Exercise directions:
Each line below is to be copied exactly; images do not go into the copy.
-- Listed records follows --
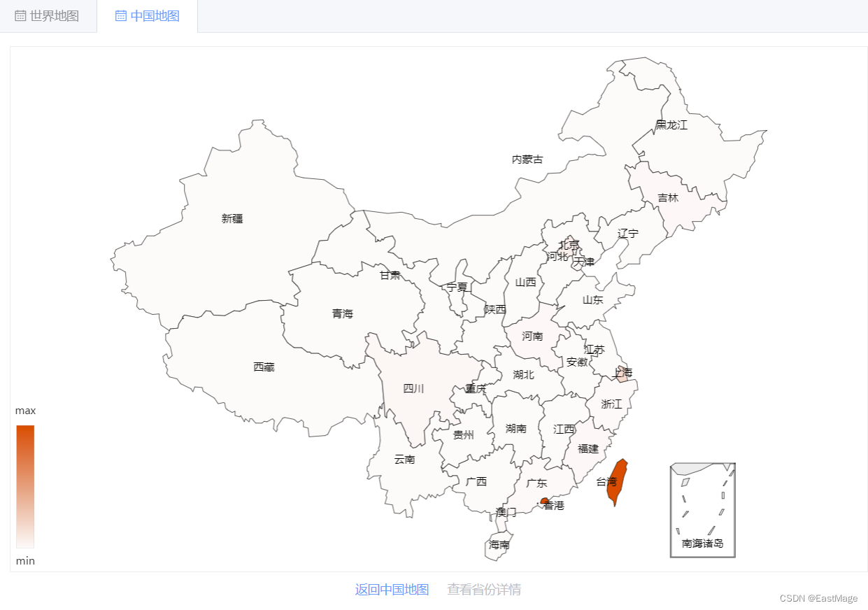 中国疫情地图相比世界疫情地图承载更多功能,因此其技术实现的难度也更高,相比世界地图echarts的绘制,中国疫情地图包含大量同步异步函数的使用,同时包含下钻(点击省份进入各省地图)和返回(回到中国地图),以及一些预想好的点击事件,其难度相对较高。中国地图并非使用像世界地图在echarts中直接调用。而是采用自定义地图,首先找到自定义的地图数据(json格式),包括中国地图以及各省份地图:数字代表各
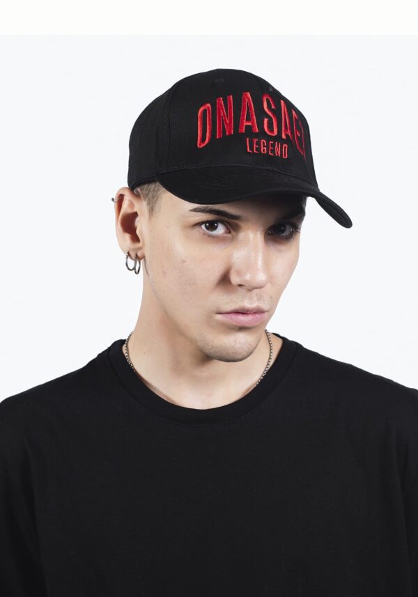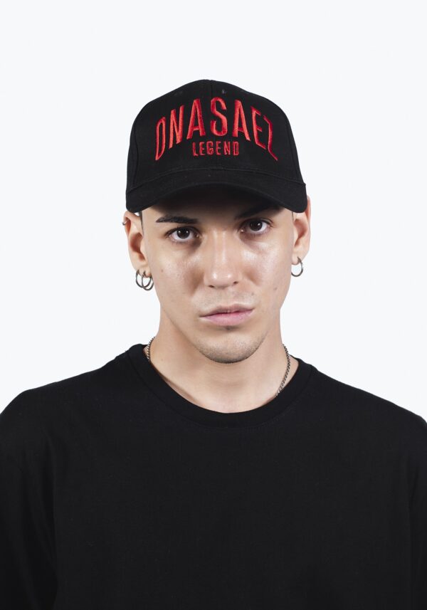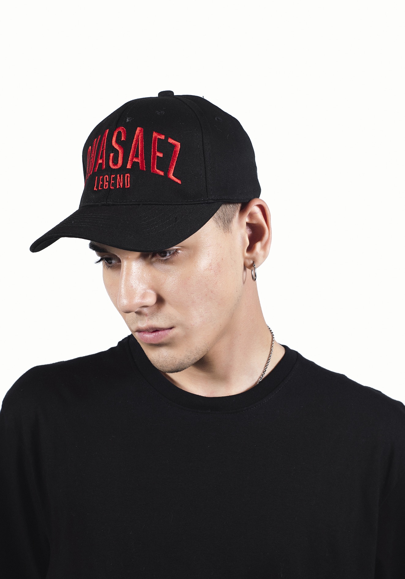 Gorra de gabardina 100% algodón, negra, con visera curva y bordado 3D en contraste. Diseño moderno y sofisticado, combinada con chaqueta de cuero para un look urbano.
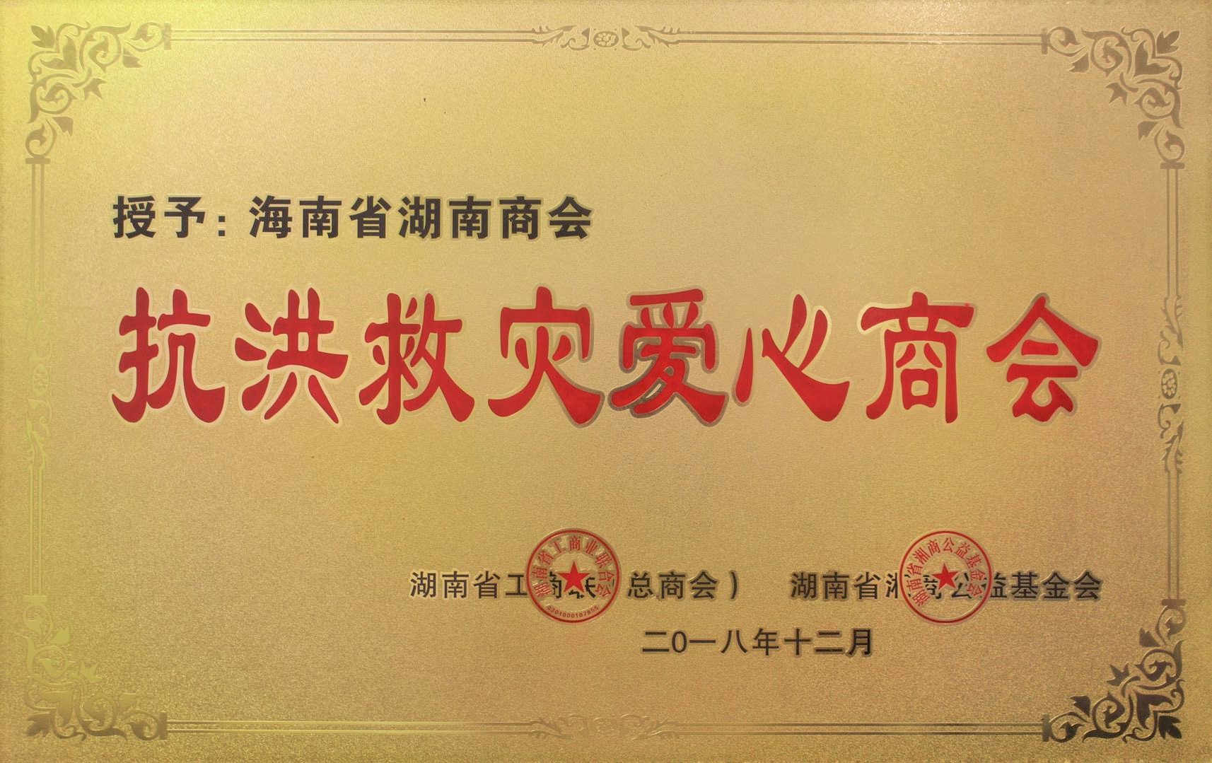 2018年12月荣获湖南省工商联颁发“抗洪救灾爱心商会”荣誉称号
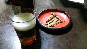 骨せんべいをあてにビールをちょびちょび飲みながら
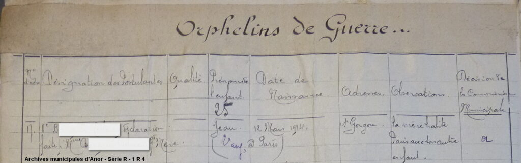 Le dossier intitulé « pupilles de la Nation : demandes d’adoption », conservé aux archives communales, nous apprend entre autres, que c’est la grand-mère paternelle qui s’est chargée de faire la demande d’adoption. Elle s’occupe de Jean, pas encore scolarisé. Sa belle-fille est à Paris avec Marie.
-- Listed records concluded --
Written solution:
 中国疫情地图相比世界疫情地图承载更多功能,因此其技术实现的难度也更高,相比世界地图echarts的绘制,中国疫情地图包含大量同步异步函数的使用,同时包含下钻(点击省份进入各省地图)和返回(回到中国地图),以及一些预想好的点击事件,其难度相对较高。中国地图并非使用像世界地图在echarts中直接调用。而是采用自定义地图,首先找到自定义的地图数据(json格式),包括中国地图以及各省份地图:数字代表各
 Gorra de gabardina 100% algodón, negra, con visera curva y bordado 3D en contraste. Diseño moderno y sofisticado, combinada con chaqueta de cuero para un look urbano.
 2018年12月荣获湖南省工商联颁发“抗洪救灾爱心商会”荣誉称号
 骨せんべいをあてにビールをちょびちょび飲みながら
 Le dossier intitulé « pupilles de la Nation : demandes d’adoption », conservé aux archives communales, nous apprend entre autres, que c’est la grand-mère paternelle qui s’est chargée de faire la demande d’adoption. Elle s’occupe de Jean, pas encore scolarisé. Sa belle-fille est à Paris avec Marie.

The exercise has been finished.